Euronext et la Bourse de New York (Nyse) ont
officialisé vendredi un accord de fusion donnant le jour à une société
valant 20 milliards de dollars, ce qui pourrait enterrer définitivement les
espoirs de rapprochement entre Francfort et la Bourse pan-européenne.
“Deutsche Börse n’a plus de gros partenaires en
Europe pour une fusion. L’Europe est à présent pour ainsi dire aux mains des
Américains”, commente Olaf Kayser, analyste de la banque allemande LRP.
Et pour cause: la Bourse de Londres (London
Stock Exchange) est de son côté en discussion avec le Nasdaq, qui est devenu
son premier actionnaire.
“Il reste bien sûr quelques petites Bourses en
Europe, mais elles sont relativement peu importantes”, poursuit-il. Et même
là, les chances de fusion s’amenuisent pour l’opérateur de la Bourse de
Francfort. En effet, la société gestionnaire de la Bourse de Milan, Borsa
Italiana, a annoncé vendredi qu’elle allait entamer des discussions avec
Euronext en vue d’une éventuelle alliance, renforçant encore le sentiment
d’isolement sur les bords du Main.
Ce n’est pas la première fois que l’allemand
essuie des déconvenues. La Bourse de Francfort a déjà laissé passer il y a
quelques années le premier train de la consolidation des Bourses
européennes.
Son patron de l’époque, le Suisse Werner
Seifert, avait approché la Bourse de Paris, avant d’essuyer un premier
refus.
Il s’est ensuite tourné vers Londres. Les
discussions, très avancées, finissent par capoter à l’automne 2000 à cause
de divergences notamment sur l’emplacement du siège social.
La Bourse de Paris, écartée du processus,
réplique alors en créant le groupe Euronext, alliance des places de Paris,
Bruxelles, Amsterdam, puis Lisbonne.
Après l’échec de l’option londonienne, la
Bourse de Francfort se tourne en 2004 vers la Bourse de Zurich, son
partenaire dans le marché à terme Eurex. Nouvelle gifle: les Suisses
préfèrent rester indépendants plutôt que risquer de se faire absorber par
Deutsche Börse, dont la capitalisation boursière est alors près de huit fois
plus importante.
Fin 2004, Werner Seifert ressort des cartons
son projet de fusion avec Londres. Malgré les concessions de Deutsche Börse
et près de 2 milliards d’euros déposés sur la table, la Bourse de Londres
reste plutôt réticente.
Surtout, le projet déclenche la colère de
plusieurs fonds d’investissements actionnaires de Deutsche Börse, qui
obligent M. Seifert à abandonner son idée, avant de le débarquer purement et
simplement en mai 2005.
Malgré les revers accumulés, l’avenir n’est pas
tout noir pour le groupe allemand. “Deutsche Börse peut continuer à gagner
de l’argent avec ses propres produits”, estime M. Kayser.

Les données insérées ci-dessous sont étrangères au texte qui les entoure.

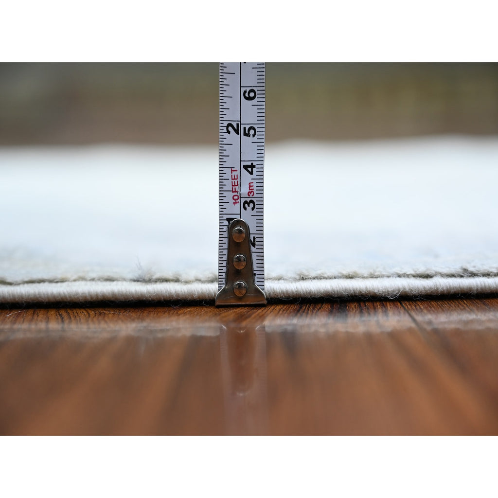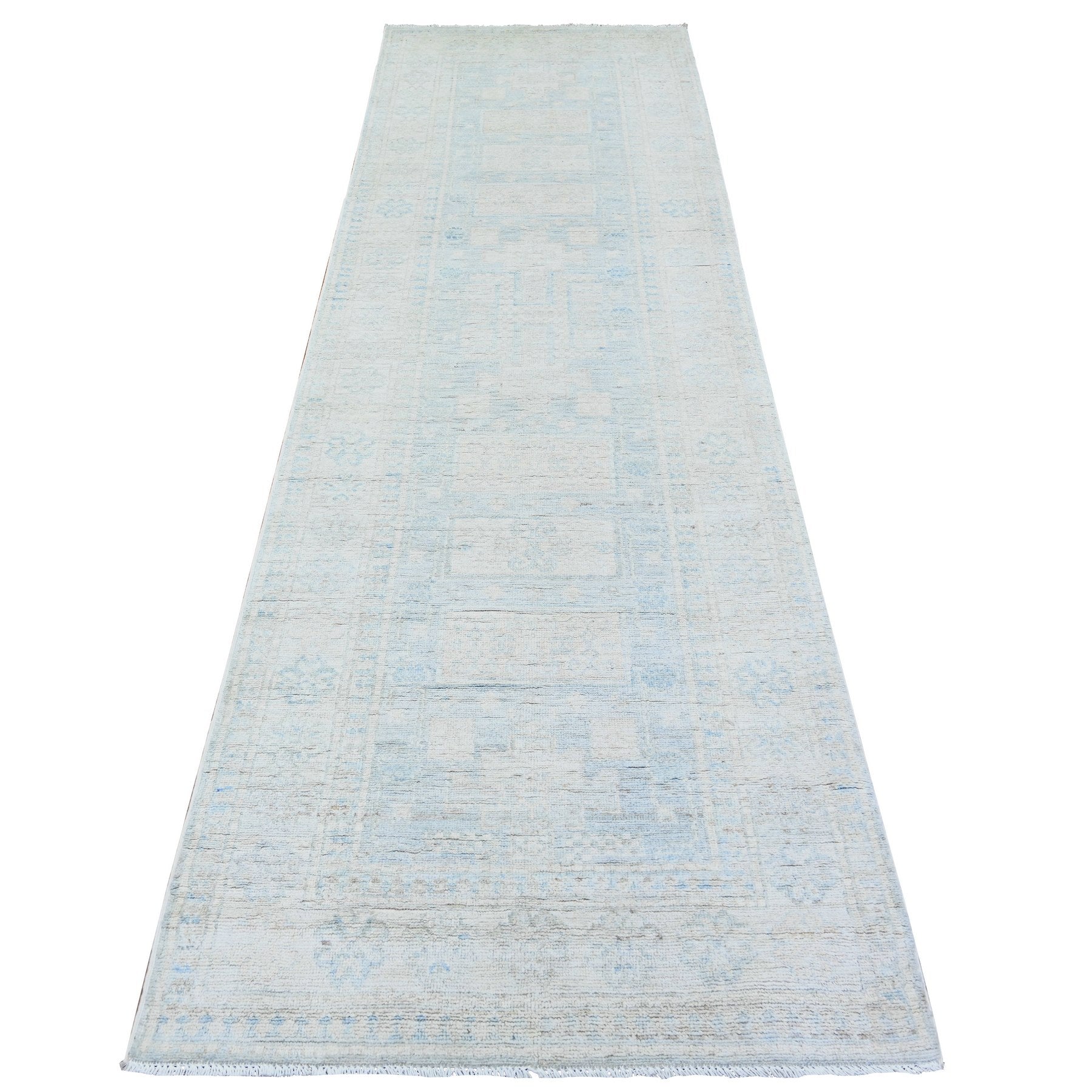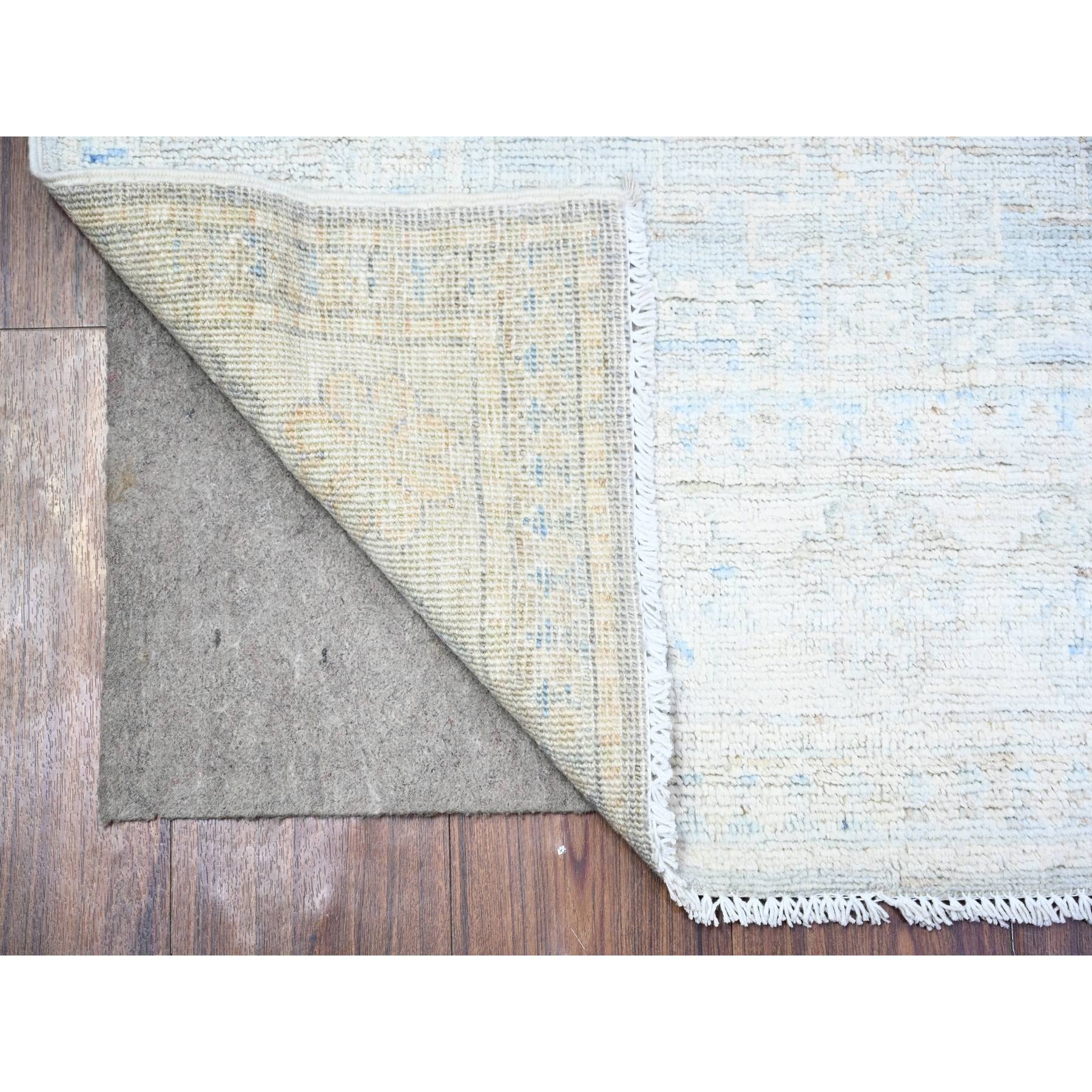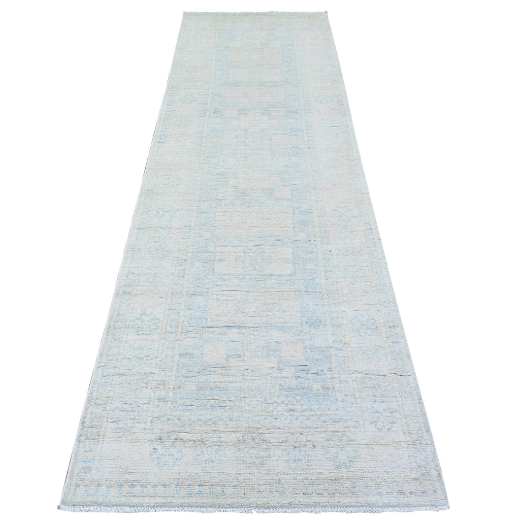 3'1"x10' Spanish Gray With Lexicon Ivory, High Grade Wool, Vegetable Dyes, Peshawar Washed Out Faded Designs, Hand Knotted, Runner Oriental Rug FWR449754
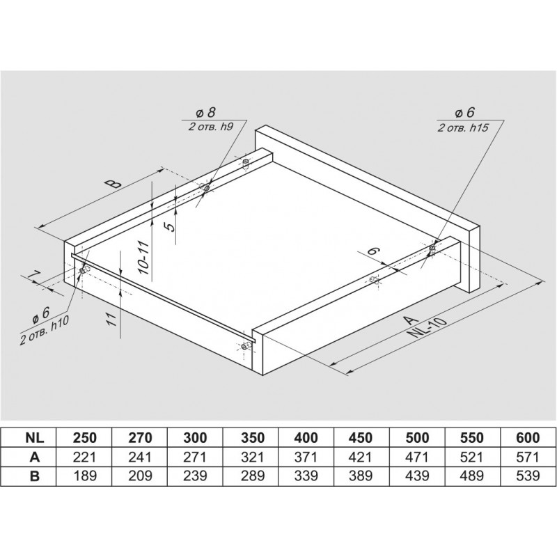 Насадной монтаж или крепление на цапфу – это альтернативный вид монтажа направляющих DB Компании BOYARD, который предполагает сверление дополнительных отверстий в боковинах мебельного ящика. Установка ящика происходит под небольшим углом сверху на заранее выдвинутые части направляющих.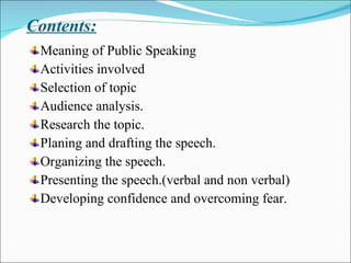 This document discusses the key aspects of public speaking, including selecting a topic, analyzing the audience, researching the topic, planning and drafting the speech, organizing the presentation, and delivering the speech to overcome fears. The main activities involved are choosing a suitable topic, understanding the audience, thoroughly researching the issue, creating an outline and speech materials, rehearsing, and presenting with confidence through eye contact, gestures, and audience engagement techniques.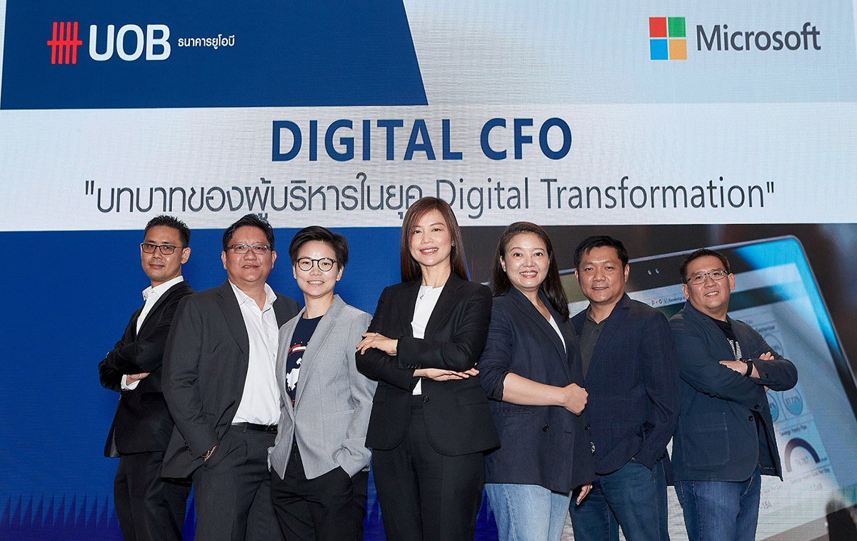 สิรินันท์ จิรดิลก ผู้อำนวยการอาวุโส Head of Digital Engagement & FinTech Innovation (ที่ 3 จากซ้าย) , เอกวิชญ์ คุมพ์ประพันธ์ ผู้อำนวยการอาวุโส Enterprise Banking Head-commercial banking (ที่ 1 จากซ้าย), และ พีระ จิตประไพ ผู้อำนวยการอาวุโส Head of cash management ธนาคารยูโอบี ประเทศไทย (ที่ 2 จากซ้าย) , คุณศรินทร พันธุ์โสภา ( ที่ 4 จากซ้าย) ผู้จัดการทั่วไป ของบริษัท เพอร์เฟ็ค เปเปอร์ จำกัด และสุภาณี อนุวงศ์วรเวทย์ รองกรรมการผู้จัดการ สายงานการเงิน บริษัท ไมโครซอฟท์ (ประเทศไทย) จำกัด (ที่ 3 จากขวา) ร่วมกันจัดงานสัมมนาถึงความสำคัญของ Digital Transformation ที่มีความชัดเจนมากขึ้นหลังโลกต้องเผชิญหน้ากับ COVID-19 ที่ผู้บริหารการเงินยุคใหม่จะต้องปรับตัว มองหาแนวทางดิจิทัลมาใช้ขับเคลื่อนธุรกิจให้ก้าวไปข้างหน้า

“L’entreprise est rentable et possède avec
Eurex un marché à terme qui fait certainement partie de ses principaux
atouts” renchérit Heiko Frantzen, analyste chez Sal Oppenheim.
“Surtout, il n’est pas du tout exclu que
Deutsche Börse joue à l’avenir un rôle important dans la poursuite du
mouvement de consolidation des marchés boursiers. Un partenariat dans le
domaine des marchés dérivés par exemple serait pertinent”, conclut-il.
Les analystes spéculent régulièrement sur une
alliance aux Etats-Unis avec les principaux marchés à terme, le Chicago
Board of Trade (CBOT) et surtout le Chicago Mercantile Exchange (CME), qui
fait figure de candidat idéal en vue d’un rapprochement.